Когда дело доходит до разучивания оперы, большинство пианистов начинают с проигрывания клавира. Клавиры необходимы для аккомпаниаторов и певцов при подготовке партии и используются на постановочных и музыкальных репетициях в отсутствие оркестра. Трудность здесь состоит в том, что в клавирах вынужденно опущены многие детали, в которых заключены жизненные соки оркестровки — то есть акустической вселенной, придуманной композитором. Когда я услышал, как пианист играет «Женщину без тени» Штрауса в Сан-Франциско, я был шокирован тривиальностью прозвучавших музыкальных элементов. Но как только Карл Бём начал репетиции с оркестром, обнажилась эпическая природа этой оперы. Если дирижер не рассматривает клавир как своего рода компромиссную скоропись, он подойдет к своей задаче наоборот: будет воспроизводить сокращение как источник и подспудно рассматривать оркестровку как своего рода вычурные украшения.
У скрипача, с другой стороны, есть иное преимущество — фундаментальное понимание струнной секции, которая, в конце концов, и делает оркестр оркестром, а не ансамблем. В отличие от фортепиано, на котором играют, прикасаясь к клавишам, скрипка звучит благодаря бесконечно тонким движениям пальцев левой руки и виртуозному контролю над правой рукой и запястьем. На грифе нет фиксированных и помеченных нот. Пианист же, когда фортепиано начинает фальшивить, зовет настройщика.

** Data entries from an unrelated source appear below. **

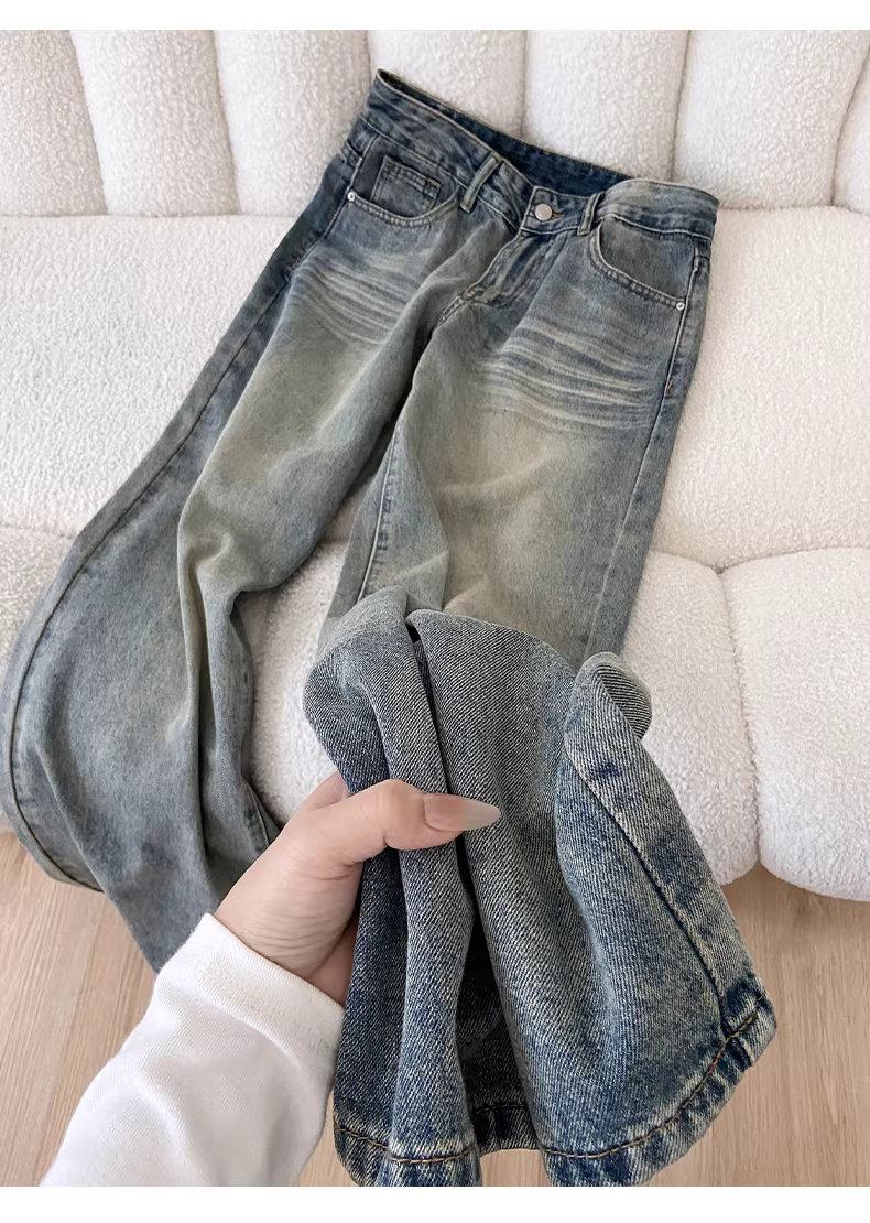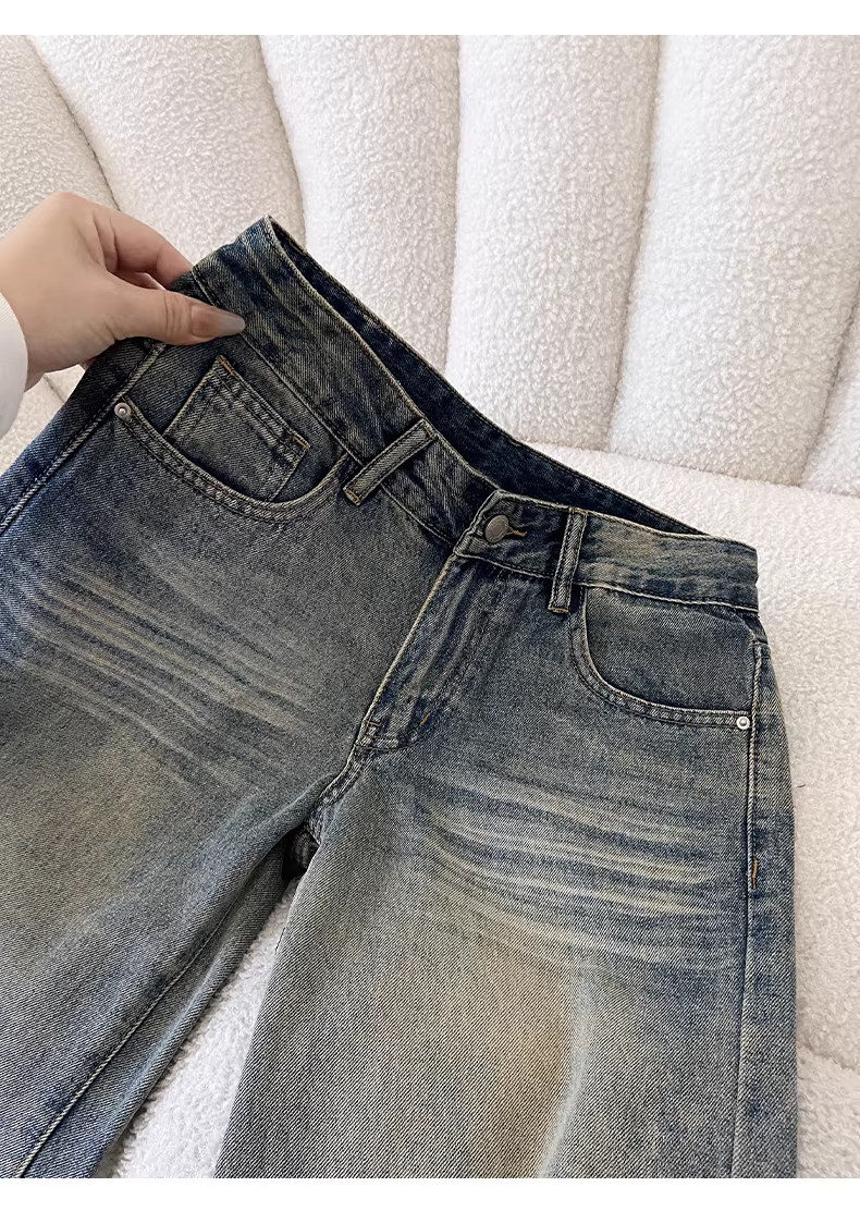 - Quần jeans dáng loe kiểu Mỹ La Chapelle dành cho nữ, mẫu mới thu đông 2025, cạp cao, không bó sát.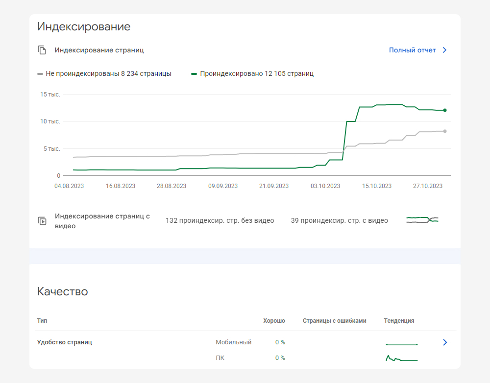 После того как мы настроили корректную индексацию всех интересующих нас страниц, пришло время собирать статистику и анализировать полученные данные. И в этом нам как всегда помог вебмастер, причем его необходимо устанавливать для обоих ПС. Дело в том, что из-за разницы в скорости обхода страниц сайта и алгоритмов ранжирования одни и те же страницы будут по разному отображаться в поиске и на разных позициях. Однако здесь мы можем оперативно узнавать о критических проблемах, которые могут серьезно повлиять на нашу работу.
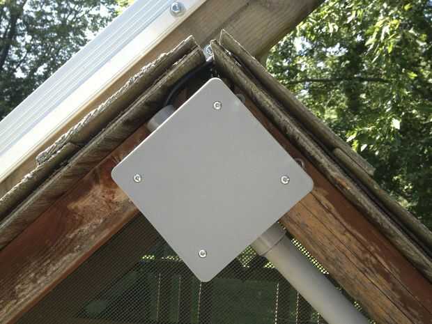 Había montado la caja cuadrada al pico oriental de la azotea. Es conveniente para llegar a allí (a través de una escalera), pero es inaccesible para cualquier persona que utilice el juego. Había montado con tornillos de acero inoxidable, con uno de los puertos hacia abajo y hacia la derecha. El puerto opuesto permite la entrada del cable solar.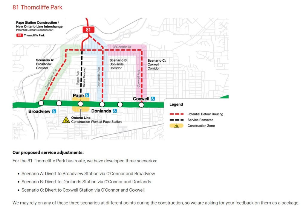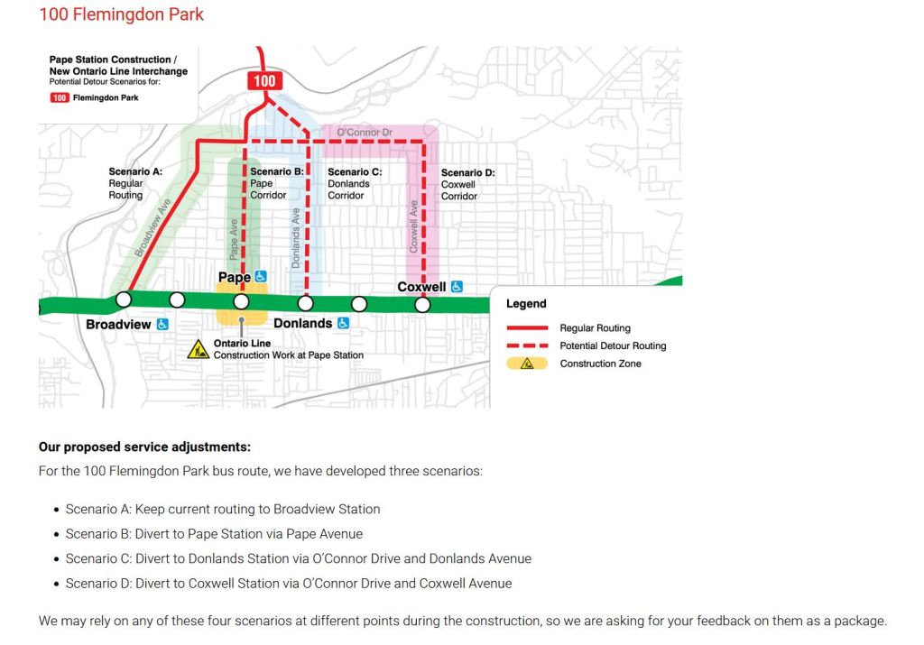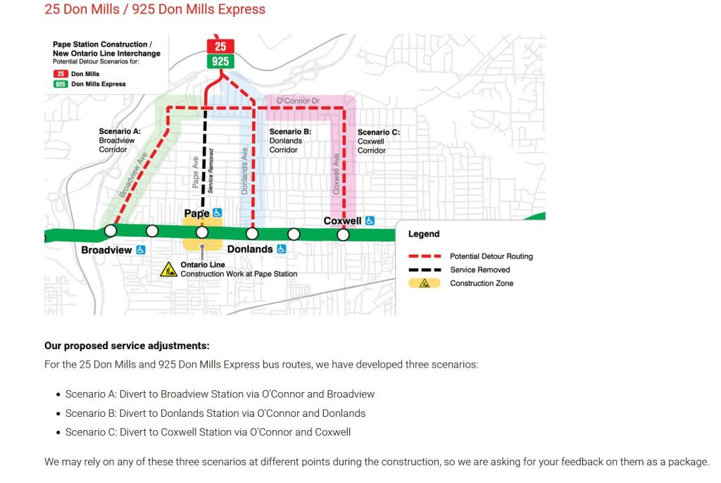 The TTC proposes to redistribute routes serving Pape Station to other nearby locations, and they state that “diverting the majority of these routes may be required as soon as 2024”.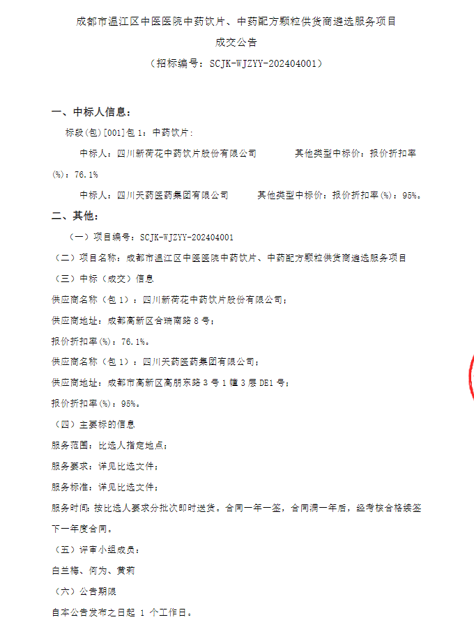 【成都市温江区中医医院】四川省成都市温江区中医医院中药饮片、中药配方颗粒供货商遴选服务项目成交公告

Дирижируя, пианисты обычно режут рукой воздух. Скрипачи гораздо экспрессивнее: они используют движения руки, которая играет смычком (обычно той же, что отбивает ритм и держит палочку), чтобы добиться устойчивого звучания от струнной секции оркестра. Без этого знания и этого звучания не выживет ни один оркестр, какими бы замечательными ни были секции деревянных духовых, медных духовых и ударных.
Широко известно, что Юджин Орманди, музыкальный руководитель Филадельфийского оркестра с 1936 по 1980 год, говорил: «Я — звучание Филадельфийского оркестра». Он имел в виду плотный и насыщенный звук, который создал, будучи скрипачом. Кроме того, скрипачи, в отличие от пианистов, имеют большой опыт работы в оркестрах, знают, как те реагируют на дирижеров и на их разнообразные подходы к репетициям и выступлениям.
Однако слышать все инструменты, а не только свою скрипку во всех переплетениях симфонической оркестровки — очень сложная задача для скрипача, который хочет стать дирижером, а мудро, со знанием дела разговаривать со струнной секцией и владеть физическими приемами, соответствующими движениям смычка, — такой же вызов для дирижера из числа пианистов.
Самая плохая физическая техника обычно бывает у композиторов. Они увлеченно исследуют работу коллег, но больше вдаются в составные элементы конструкции, а не в общую концепцию звучания. Когда композитор занимается музыкой другого композитора, сначала он разбирает ее на части, чтобы понять, а потом собирает обратно. Часто эта реконструкция должна показать преемственность, существующую между ним и другими композиторами. Пьер Булез дирижировал всё, включая произведения Вагнера, Дебюсси и Стравинского, так, словно он сам это сочинил. Особенно поучительно послушать архивные записи Пауля Хиндемита, который дирижирует музыку своего современника Игоря Стравинского: у Хиндемита она звучит полифонично и по-германски, тогда как под руководством самого Стравинского — отстраненно и аналитически.
Можно подумать, что исполнение собственной музыки — нечто предельно естественное, ведь вы представляете музыкантам свое видение напрямую, без посредника, интерпретирующего ноты. Любой композитор скажет, что подготовка к исполнению собственного произведения означает возвращение к самой его сути и перевод ее в практическое измерение. При этом многие композиторы совсем не практичны. А еще им приходится возвращаться к дорогам, по которым они когда-то решили не ходить.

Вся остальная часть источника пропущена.